李誕:跟世界合作,沒必要說得那麼委屈

李誕:跟世界合作,沒必要說得那麼委屈

李誕:跟世界合作,沒必要說得那麼委屈

同為青年偶像, 李誕與韓寒不同, 他採取了無所謂的姿態。

今年 4 月份,李誕第一次見了韓寒。雖然兩個人早有交集—韓寒是李誕第三本書的監制,他在上海的酒吧也改造出了一處脫口秀舞台,賣的酒一款叫「人間不值得」,一款叫「值得」—但兩個人從未見過面。這一次,李誕想邀請韓寒參加新一季的《吐槽大會》,後者卻推說自己長胖了。

少年時李誕也愛看韓寒,但見面了他沒說出口,覺得十之八九對方已經聽膩了。
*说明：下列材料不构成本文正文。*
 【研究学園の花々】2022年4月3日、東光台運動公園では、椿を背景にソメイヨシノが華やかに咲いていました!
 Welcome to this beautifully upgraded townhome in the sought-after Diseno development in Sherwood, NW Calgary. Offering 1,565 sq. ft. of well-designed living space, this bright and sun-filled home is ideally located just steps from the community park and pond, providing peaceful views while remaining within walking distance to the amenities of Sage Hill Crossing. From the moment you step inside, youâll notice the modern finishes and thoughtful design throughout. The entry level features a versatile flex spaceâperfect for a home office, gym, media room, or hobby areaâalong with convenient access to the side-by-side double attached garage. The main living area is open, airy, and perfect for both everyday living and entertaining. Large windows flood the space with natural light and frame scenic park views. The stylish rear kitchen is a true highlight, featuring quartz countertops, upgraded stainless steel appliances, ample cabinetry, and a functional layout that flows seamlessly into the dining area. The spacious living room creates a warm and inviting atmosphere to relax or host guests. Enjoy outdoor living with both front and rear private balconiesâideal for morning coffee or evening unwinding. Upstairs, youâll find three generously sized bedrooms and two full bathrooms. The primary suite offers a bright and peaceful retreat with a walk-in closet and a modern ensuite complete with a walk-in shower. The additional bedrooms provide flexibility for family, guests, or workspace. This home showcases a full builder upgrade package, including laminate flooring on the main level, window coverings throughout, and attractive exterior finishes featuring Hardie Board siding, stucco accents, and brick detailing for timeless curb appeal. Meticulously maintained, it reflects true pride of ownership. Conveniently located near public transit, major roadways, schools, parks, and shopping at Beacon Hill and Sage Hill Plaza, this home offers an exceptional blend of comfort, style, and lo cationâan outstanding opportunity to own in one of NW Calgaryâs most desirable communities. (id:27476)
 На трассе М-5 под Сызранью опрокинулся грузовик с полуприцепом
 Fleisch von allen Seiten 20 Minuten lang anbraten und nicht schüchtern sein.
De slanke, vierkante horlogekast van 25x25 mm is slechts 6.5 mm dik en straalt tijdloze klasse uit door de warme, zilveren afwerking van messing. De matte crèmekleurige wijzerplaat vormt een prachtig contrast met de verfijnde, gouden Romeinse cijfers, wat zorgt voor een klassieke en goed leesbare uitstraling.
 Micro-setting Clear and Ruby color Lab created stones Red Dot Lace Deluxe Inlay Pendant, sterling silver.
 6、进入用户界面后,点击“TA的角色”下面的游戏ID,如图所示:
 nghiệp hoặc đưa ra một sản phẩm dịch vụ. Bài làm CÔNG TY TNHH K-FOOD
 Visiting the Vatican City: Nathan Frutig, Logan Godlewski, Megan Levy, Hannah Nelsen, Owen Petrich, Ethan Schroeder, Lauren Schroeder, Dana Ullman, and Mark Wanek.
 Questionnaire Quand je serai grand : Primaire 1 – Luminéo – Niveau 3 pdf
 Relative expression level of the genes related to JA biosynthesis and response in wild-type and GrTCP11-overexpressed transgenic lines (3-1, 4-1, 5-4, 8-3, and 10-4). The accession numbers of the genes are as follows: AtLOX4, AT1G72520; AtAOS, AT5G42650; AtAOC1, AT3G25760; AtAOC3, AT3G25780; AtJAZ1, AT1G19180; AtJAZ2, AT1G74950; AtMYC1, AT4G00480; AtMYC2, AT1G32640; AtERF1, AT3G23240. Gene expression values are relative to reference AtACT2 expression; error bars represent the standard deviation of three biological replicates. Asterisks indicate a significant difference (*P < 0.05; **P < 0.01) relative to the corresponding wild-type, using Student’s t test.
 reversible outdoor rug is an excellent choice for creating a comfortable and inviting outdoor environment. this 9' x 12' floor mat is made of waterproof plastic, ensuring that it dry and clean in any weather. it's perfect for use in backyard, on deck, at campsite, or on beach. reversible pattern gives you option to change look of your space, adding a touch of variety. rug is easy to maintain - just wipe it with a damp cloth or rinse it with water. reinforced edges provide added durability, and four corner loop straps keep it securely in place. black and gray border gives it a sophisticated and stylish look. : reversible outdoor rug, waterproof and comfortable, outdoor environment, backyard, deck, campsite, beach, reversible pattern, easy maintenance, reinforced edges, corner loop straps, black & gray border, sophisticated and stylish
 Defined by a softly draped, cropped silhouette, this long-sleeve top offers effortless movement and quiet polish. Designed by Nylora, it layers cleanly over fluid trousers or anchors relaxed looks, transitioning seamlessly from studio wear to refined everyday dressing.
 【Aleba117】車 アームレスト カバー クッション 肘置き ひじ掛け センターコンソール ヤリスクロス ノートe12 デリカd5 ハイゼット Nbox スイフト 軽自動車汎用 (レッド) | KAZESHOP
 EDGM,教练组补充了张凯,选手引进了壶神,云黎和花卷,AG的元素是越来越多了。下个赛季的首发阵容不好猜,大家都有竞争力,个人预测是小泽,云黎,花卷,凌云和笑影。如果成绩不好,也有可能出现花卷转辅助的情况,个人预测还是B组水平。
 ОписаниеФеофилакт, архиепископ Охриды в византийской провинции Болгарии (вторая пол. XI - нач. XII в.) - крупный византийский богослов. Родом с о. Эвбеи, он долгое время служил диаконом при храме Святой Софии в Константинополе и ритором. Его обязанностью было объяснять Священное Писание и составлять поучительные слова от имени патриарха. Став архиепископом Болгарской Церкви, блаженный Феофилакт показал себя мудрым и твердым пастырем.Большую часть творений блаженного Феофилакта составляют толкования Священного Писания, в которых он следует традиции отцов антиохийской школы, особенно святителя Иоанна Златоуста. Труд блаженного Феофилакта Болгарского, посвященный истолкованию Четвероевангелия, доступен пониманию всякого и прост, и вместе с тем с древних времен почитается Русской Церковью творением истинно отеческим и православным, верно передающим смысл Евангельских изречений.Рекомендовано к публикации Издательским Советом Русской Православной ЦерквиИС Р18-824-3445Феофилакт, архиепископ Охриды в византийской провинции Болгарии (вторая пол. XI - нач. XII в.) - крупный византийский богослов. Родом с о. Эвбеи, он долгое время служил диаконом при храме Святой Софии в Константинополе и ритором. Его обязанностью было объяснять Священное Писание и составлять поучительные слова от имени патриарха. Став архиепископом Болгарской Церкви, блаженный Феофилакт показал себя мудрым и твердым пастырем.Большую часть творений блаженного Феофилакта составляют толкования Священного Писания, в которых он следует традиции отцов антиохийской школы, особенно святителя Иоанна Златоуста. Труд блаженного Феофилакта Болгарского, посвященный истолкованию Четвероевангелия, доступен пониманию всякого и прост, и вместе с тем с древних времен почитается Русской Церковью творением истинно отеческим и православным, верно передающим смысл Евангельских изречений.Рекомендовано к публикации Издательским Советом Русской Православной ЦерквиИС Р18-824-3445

韓寒曾經是一代年輕人的文化偶像,有無數年輕人從中獲得共鳴,其中有一個叫李誕的也很尋常。

他們有許多相同點,比如年少成名,都被認為極具才氣,李誕是脫口秀表演者,韓寒最初吸引人的,也是他幽默的文風,他們還都擅長小說家言。

但如果是談論作家韓寒和作家李誕,雖然都出生在 80 年代,你會覺得這簡直是兩個時代的人,當然,他們都不是放棄人生的人,人們如今稱呼韓寒「韓老板」,他最新一部電影票房超過 17 個億,李誕也會被叫作誕總,他作為創始人的笑果文化據傳估值超過 30 個億,《吐槽大會》累計播放量超過 56 個億,在一個以「億」為單位度量的時代里,他們都身處潮尖浪頂。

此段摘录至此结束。